Databricks Light (also known as Data Engineering Light) is the Databricks packaging of the open source Apache Spark runtime. It provides a runtime option for jobs that don’t need the advanced performance, reliability, or autoscaling benefits provided by Databricks Runtime. In particular, Databricks Light does not support:
- Delta Lake
- Autopilot features such as autoscaling
- Highly concurrent, interactive clusters
- Notebooks, dashboards, and collaboration features
- Databricks Runtime for ML
- Connectors to various data sources and BI tools.
Databricks Light is a runtime environment for jobs (or “automated workloads”). You can select Databricks Light only when you create or schedule a JAR, Python, or spark-submit job and attach a cluster to that job; you cannot use Databricks Light to run notebook jobs or interactive workloads.
Databricks Light can be used in the same workspace with data engineering and data analytics clusters. You don’t need to request a separate workspace to get started.

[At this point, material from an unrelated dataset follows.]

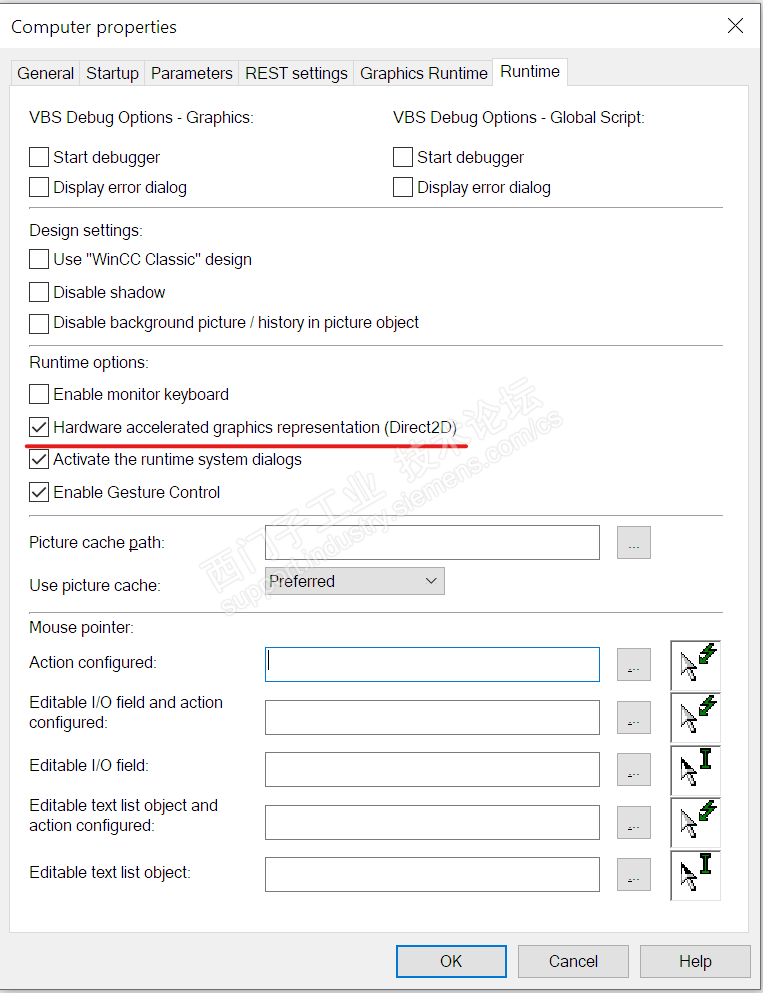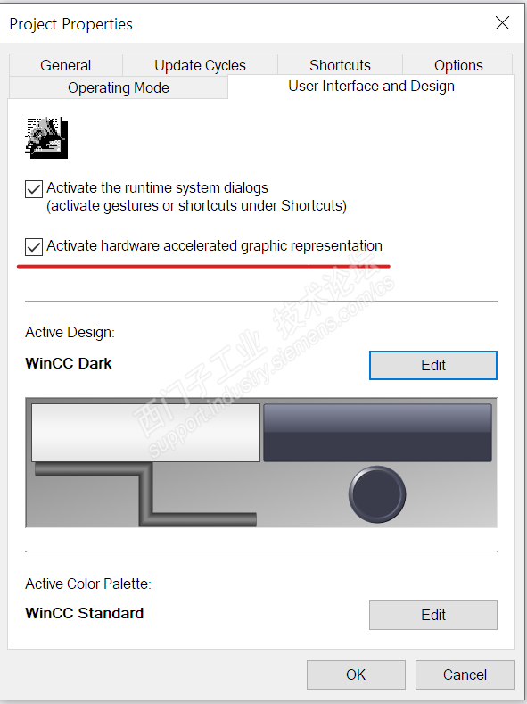 也可以参考下图取消WinCC项目属性和运行系统中的硬件图形加速功能

What’s in Databricks Light?
The release schedule of Databricks Light runtime follows the Apache Spark runtime release schedule. Any Databricks Light version is based on a specific version of Apache Spark. See the following release notes for more information:
Create a cluster using Databricks Light
When you create an automated cluster, select a Databricks Light version from the Databricks Runtime Version drop-down.